Since the inhibition of collagenase activities dramatically increased osteoclast size in vitro, the effect of Ro 32-3555 on bone tissues was further tested. Collagen sponges soaked in PBS, Ro compound, or LPS were inserted onto mouse calvariae to induce osteoclastogenesis in vivo. LPS served as a positive control since it is known to potently stimulate osteoclastogenesis in vitro and induce significant bone resorption in mouse calvariae [24,25]. Tissue sections were stained for TRAP activity and analyzed for osteoclast number and size. As shown in Figure 3A, administration of LPS dramatically increased the number of TRAP stained cells with concomitant appearance of significantly larger osteoclasts compared with control. Notably, the addition of Ro 32-3555 seemed to exert no effect on the number of TRAP-positive osteoclasts. However, the existence of conspicuously larger osteoclasts was observed in bone tissues after treatment with Ro compound. Histomorphometry analyses further confirmed significantly increased osteoclast number in LPS-treated calvariae, while no such effect was detected when tissues were treated with Ro 32-3555 (Figure 3B, left panel). However, both LPS- and Ro compound-treated tissues exhibited significantly higher osteoclast perimeter per osteoclast (OC pm/N. OC), suggesting distinctively larger osteoclasts in these specimens (Figure 3B, right panel). To estimate the osteoclast activities in these samples, eroded surface per bone surface (ES/BS) was measured (Figure 3C). While LPS dramatically increased the eroded surface, Ro 32-3555 did not enhance bone resorption to a statistically significant level, although the mean ES/BS was more than twice larger compared with control samples.

Figure 3.

Figure 3

The effect of collagenase inhibition on osteoclastogenesis in calvarial bones. (A) Collagen sponges containing PBS, lipopolysaccharide (LPS), or Ro 32-3555 were surgically inserted onto mouse calvariae.

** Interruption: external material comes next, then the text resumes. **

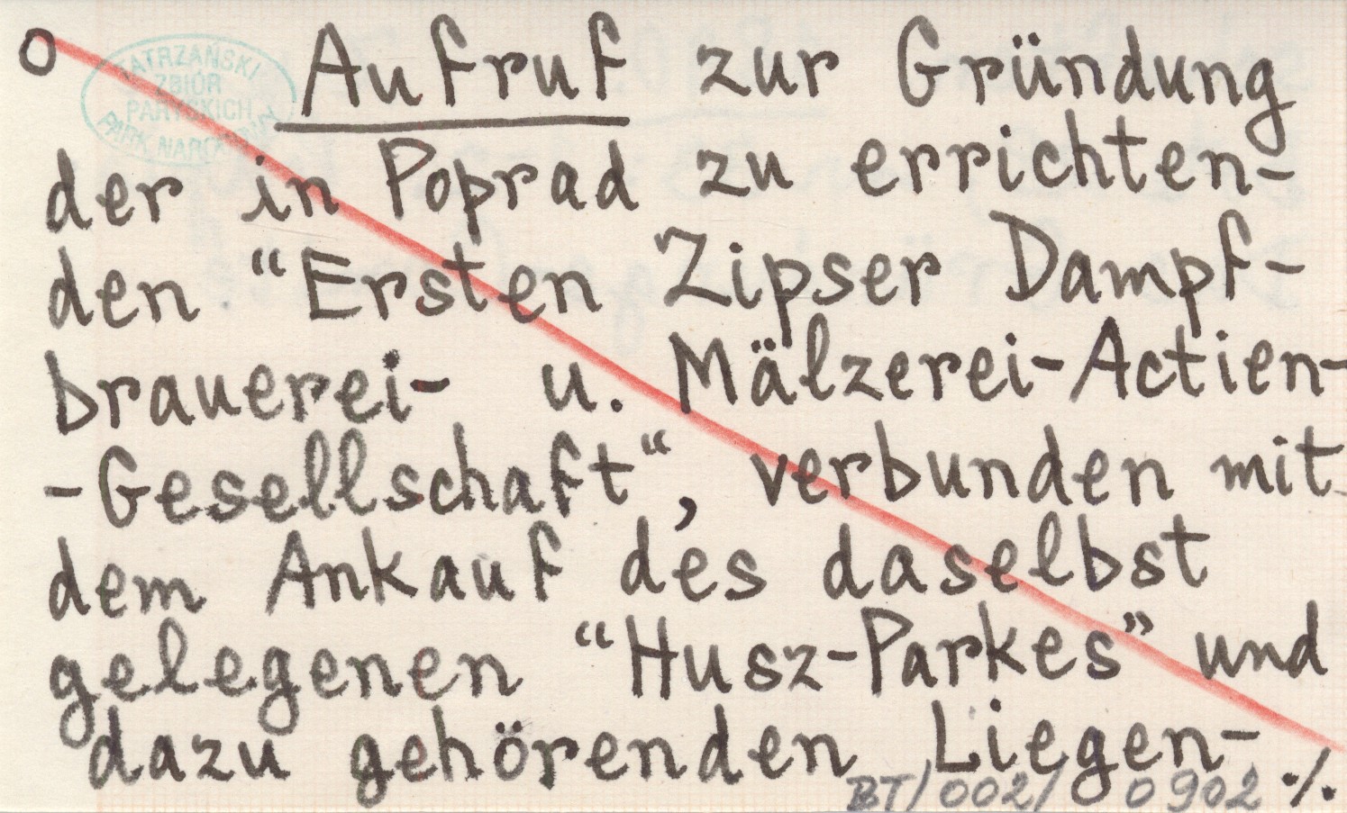 Aufruf zur Gründung der in Poprad zu errichtenden "Ersten Zipser Dampfbrauerei- u. Mälzerei-Actien-Gesellschaft", verbunden mit dem Ankauf des daselbst gelegenen "Husz-Parkes" und dazu gehörenden Liegenschaften. 1890

At 5 days after stimulation, mice were sacrificed, and the calvarial bone sections were prepared and stained for TRAP-activities. Bone area on which collagen sponges were inserted was photographed. Scale bars indicate 200 mm and 50 mm in upper and lower panels, respectively. (B) Histomorphometry analyses were performed to examine osteoclast number (N. OC/B. Pm) and osteoclast size (OC Pm/N. OC). (C) Both osteoclast-positive and -negative resorption lacunae were measured to calculate eroded surface per bone surface (ES/BS). Data are mean ± SD obtained from 5 samples. **, p < 0.01 against vehicle-treated control.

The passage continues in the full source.